🤖 AI Summary
Manually authoring access control policies is error-prone and costly, particularly in security-critical systems. Method: This work proposes a zero-shot large language model (LLM)-based automated policy synthesis method, centered on a fine-grained prompt template grounded in AWS IAM policy syntax. The template accommodates two input modalities: structured request lists and natural language descriptions—requiring neither fine-tuning nor in-context examples. Contribution/Results: Experimental evaluation demonstrates that the structured prompting significantly improves policy correctness over generic zero-shot baselines, achieving 100% compliance with syntactic validity and fundamental semantic constraints (e.g., action-resource alignment and permission minimality). The approach enables scalable, low-barrier policy engineering for security-sensitive applications, establishing a novel paradigm for LLM-driven access control automation.
📝 Abstract
Cloud compute systems allow administrators to write access control policies that govern access to private data.
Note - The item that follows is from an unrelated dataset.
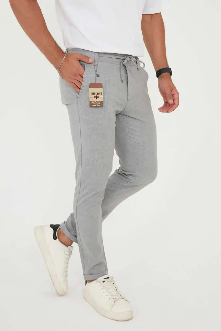 Мужские джоггеры Slimfit с полуэластичной талией и двойным манжетом из серой ткани - Стиль и комфорт в одном

While policies are written in convenient languages, such as AWS Identity and Access Management Policy Language, manually written policies often become complex and error prone. In this paper, we investigate whether and how well Large Language Models (LLMs) can be used to synthesize access control policies. Our investigation focuses on the task of taking an access control request specification and zero-shot prompting LLMs to synthesize a well-formed access control policy which correctly adheres to the request specification. We consider two scenarios, one which the request specification is given as a concrete list of requests to be allowed or denied, and another in which a natural language description is used to specify sets of requests to be allowed or denied. We then argue that for zero-shot prompting, more precise and structured prompts using a syntax based approach are necessary and experimentally show preliminary results validating our approach.